FYI we have the same functionality dilemma in {simulist} and have chosen to have a soft limit so the "maximum" can be exceeded and the function returns a warning to let the user know the "maximum" (either default 1e4 or user-specified) has been exceeded and states the number of cases returned.

epiverse-trace/simulist@main/R/sim_linelist.R#L70

This discussion also makes it clear that the documentation in sim_linelist() could also be improved.

I may be misinterpreting your definition of "soft" but from the code & output, it does seem like you don't return values above the max, so I would still interpret it as a "hard" limit.

joshwlambert commented 3 months ago

I think option 1 is better because it can be used to simulate desirable behavior. Allowing simulations to go beyond the limit set will make the results difficult to explain.

Sounds good to me.

I may be misinterpreting your definition of "soft" but from the code & output, it does seem like you don't return values above the max, so I would still interpret it as a "hard" limit.

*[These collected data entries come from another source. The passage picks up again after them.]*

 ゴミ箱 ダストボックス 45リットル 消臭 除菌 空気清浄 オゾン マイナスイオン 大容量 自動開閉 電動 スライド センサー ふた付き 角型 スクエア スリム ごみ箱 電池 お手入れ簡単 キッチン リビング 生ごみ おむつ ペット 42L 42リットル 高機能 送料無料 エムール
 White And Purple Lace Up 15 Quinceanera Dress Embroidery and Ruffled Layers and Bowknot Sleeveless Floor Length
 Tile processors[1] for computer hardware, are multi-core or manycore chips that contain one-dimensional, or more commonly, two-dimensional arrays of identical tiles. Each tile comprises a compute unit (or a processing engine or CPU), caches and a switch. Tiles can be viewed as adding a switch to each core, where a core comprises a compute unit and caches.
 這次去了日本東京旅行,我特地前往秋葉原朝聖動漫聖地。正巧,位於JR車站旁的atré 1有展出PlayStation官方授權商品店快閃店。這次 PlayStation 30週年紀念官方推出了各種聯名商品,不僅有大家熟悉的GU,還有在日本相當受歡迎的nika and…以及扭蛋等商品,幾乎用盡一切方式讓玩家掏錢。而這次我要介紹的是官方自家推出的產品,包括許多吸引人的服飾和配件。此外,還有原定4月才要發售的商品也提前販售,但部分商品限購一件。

Here's a reprex to show what I mean. The outbreak_size argument takes a vector of two elements a hard lower limit, and a soft upper limit for the outbreak size.

set.seed(2)
library(simulist)
linelist <- sim_linelist(
  contact_distribution = function(x) dpois(x = x, lambda = 2),
  infect_period = function(x) dgamma(x = x, shape = 3, scale = 3),
  prob_infect = 0.55,
  onset_to_hosp = function(x) dgamma(x = x, shape = 2, scale = 2),
  onset_to_death = function(x) dgamma(x = x, shape = 2, scale = 2),
  outbreak_size = c(5, 20)
)
#> Warning: Number of cases exceeds maximum outbreak size. 
#> Returning data early with 29 cases and 44 total contacts (including cases).

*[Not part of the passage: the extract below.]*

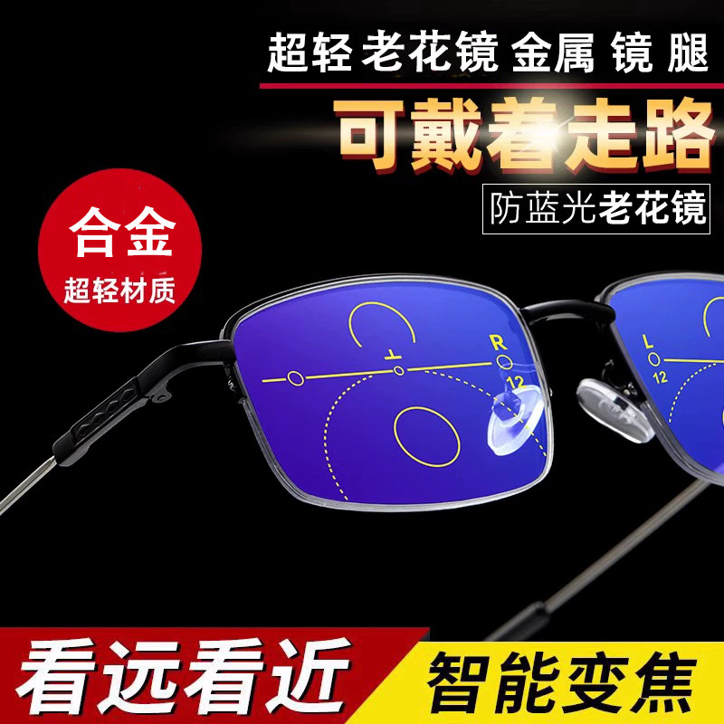 老花眼镜中老年人高清老花镜男高清防蓝光老年人女多功能自动变焦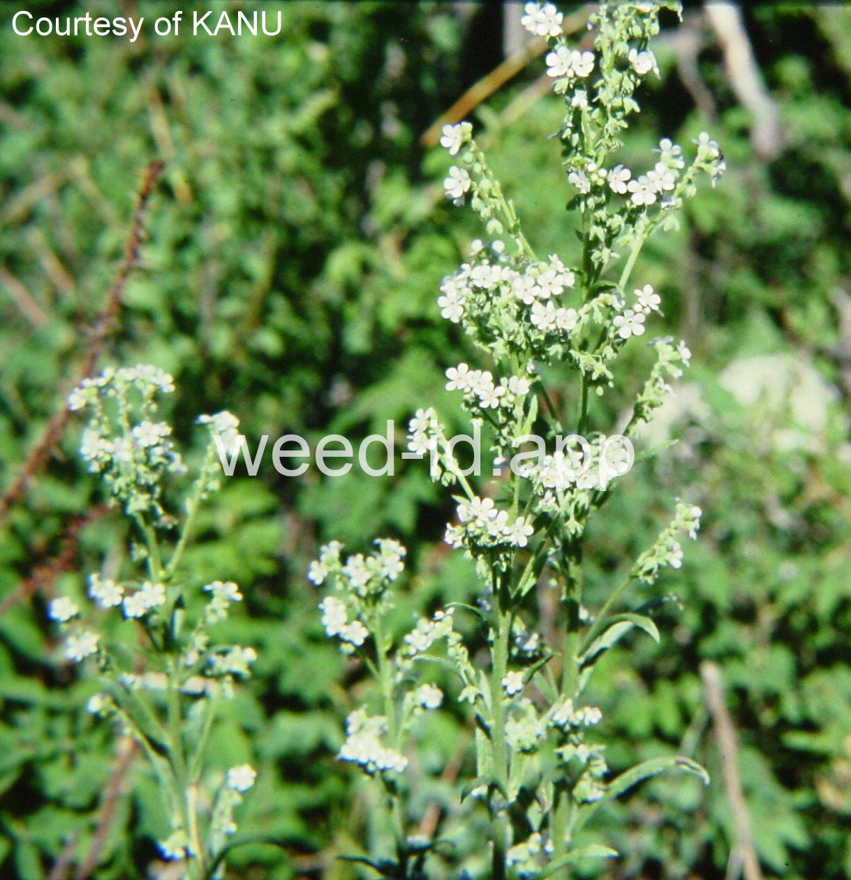 This is a native wildflower from the western edge of the Great Plains westward. The genus is very similar to the genus Lappula but can be distinguished by the fact that Lappula cymes are bracted for their entire length, and Hackelia cymes are only bracted near their base. The burs are particularly problematic for pets and livestock.

^{Created on 2024-05-03 with reprex v2.1.0}

jamesmbaazam commented 3 months ago

I think option 1 is better because it can be used to simulate desirable behavior. Allowing simulations to go beyond the limit set will make the results difficult to explain.

Sounds good to me.

I may be misinterpreting your definition of "soft" but from the code & output, it does seem like you don't return values above the max, so I would still interpret it as a "hard" limit.

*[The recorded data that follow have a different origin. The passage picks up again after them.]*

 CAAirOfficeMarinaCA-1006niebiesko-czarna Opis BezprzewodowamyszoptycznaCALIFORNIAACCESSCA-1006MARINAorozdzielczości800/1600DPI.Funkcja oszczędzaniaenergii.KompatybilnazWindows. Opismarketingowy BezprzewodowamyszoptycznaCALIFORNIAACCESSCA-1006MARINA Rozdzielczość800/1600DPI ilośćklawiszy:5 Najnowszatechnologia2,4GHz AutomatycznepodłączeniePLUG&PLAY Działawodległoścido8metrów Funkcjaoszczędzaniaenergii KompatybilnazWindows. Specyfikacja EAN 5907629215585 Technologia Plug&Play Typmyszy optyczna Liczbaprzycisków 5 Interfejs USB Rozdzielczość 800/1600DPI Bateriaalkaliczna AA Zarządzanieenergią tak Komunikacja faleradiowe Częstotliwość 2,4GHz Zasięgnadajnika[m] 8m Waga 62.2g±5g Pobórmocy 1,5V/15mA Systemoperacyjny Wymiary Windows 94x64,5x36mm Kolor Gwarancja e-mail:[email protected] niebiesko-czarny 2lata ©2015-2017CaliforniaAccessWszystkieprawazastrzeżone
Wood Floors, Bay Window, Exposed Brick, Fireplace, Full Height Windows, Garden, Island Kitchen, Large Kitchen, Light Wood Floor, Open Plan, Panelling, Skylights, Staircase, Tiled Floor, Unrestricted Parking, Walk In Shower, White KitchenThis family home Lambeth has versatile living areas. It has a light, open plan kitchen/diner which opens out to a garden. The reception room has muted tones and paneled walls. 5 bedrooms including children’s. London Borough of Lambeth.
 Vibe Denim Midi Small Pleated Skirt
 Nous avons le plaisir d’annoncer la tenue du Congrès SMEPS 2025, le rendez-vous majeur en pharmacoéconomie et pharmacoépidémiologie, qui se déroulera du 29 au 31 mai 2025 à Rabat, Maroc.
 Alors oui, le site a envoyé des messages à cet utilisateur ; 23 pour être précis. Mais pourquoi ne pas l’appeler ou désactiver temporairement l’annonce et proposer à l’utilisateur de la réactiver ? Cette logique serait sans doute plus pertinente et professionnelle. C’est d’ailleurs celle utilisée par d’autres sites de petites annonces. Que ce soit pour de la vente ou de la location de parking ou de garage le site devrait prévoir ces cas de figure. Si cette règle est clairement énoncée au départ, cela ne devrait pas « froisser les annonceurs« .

Here's a reprex to show what I mean. The outbreak_size argument takes a vector of two elements a hard lower limit, and a soft upper limit for the outbreak size.
set.seed(2)
library(simulist)
linelist <- sim_linelist(
  contact_distribution = function(x) dpois(x = x, lambda = 2),
  infect_period = function(x) dgamma(x = x, shape = 3, scale = 3),
  prob_infect = 0.55,
  onset_to_hosp = function(x) dgamma(x = x, shape = 2, scale = 2),
  onset_to_death = function(x) dgamma(x = x, shape = 2, scale = 2),
  outbreak_size = c(5, 20)
)
#> Warning: Number of cases exceeds maximum outbreak size. 
#> Returning data early with 29 cases and 44 total contacts (including cases).
Created on 2024-05-03 with reprex v2.1.0

Ah! Thanks for this. That makes sense. I don't think we should have a hard lower limit in {epichains} as it is by definition the seeing cases, if the outbreak doesn't take off. The soft upper limit is what is already implemented as stat_max, so it's currently a matter of documentation which can be solved with a name change and a proper wording.

My concern is more about whether it is desirable behaviour. For example, if a user sets stat_max to 500 cases and gets 800 cases, that's quite undesirable. I think the solution would be what I suggested in https://github.com/epiverse-trace/epichains/pull/237#issuecomment-2092761867, where we sample the remainder from the excess cases and return exactly stat_max.

jamesmbaazam commented 3 months ago

Upon further discussion with Seb, we've decided it might be better to rename stat_max to stat_threshold and improve the wording to indicate that it is not a hard limit and can be exceeded due to stochastic effects. The discussion about making it a hard limit has been logged in #243 for further brainstorming.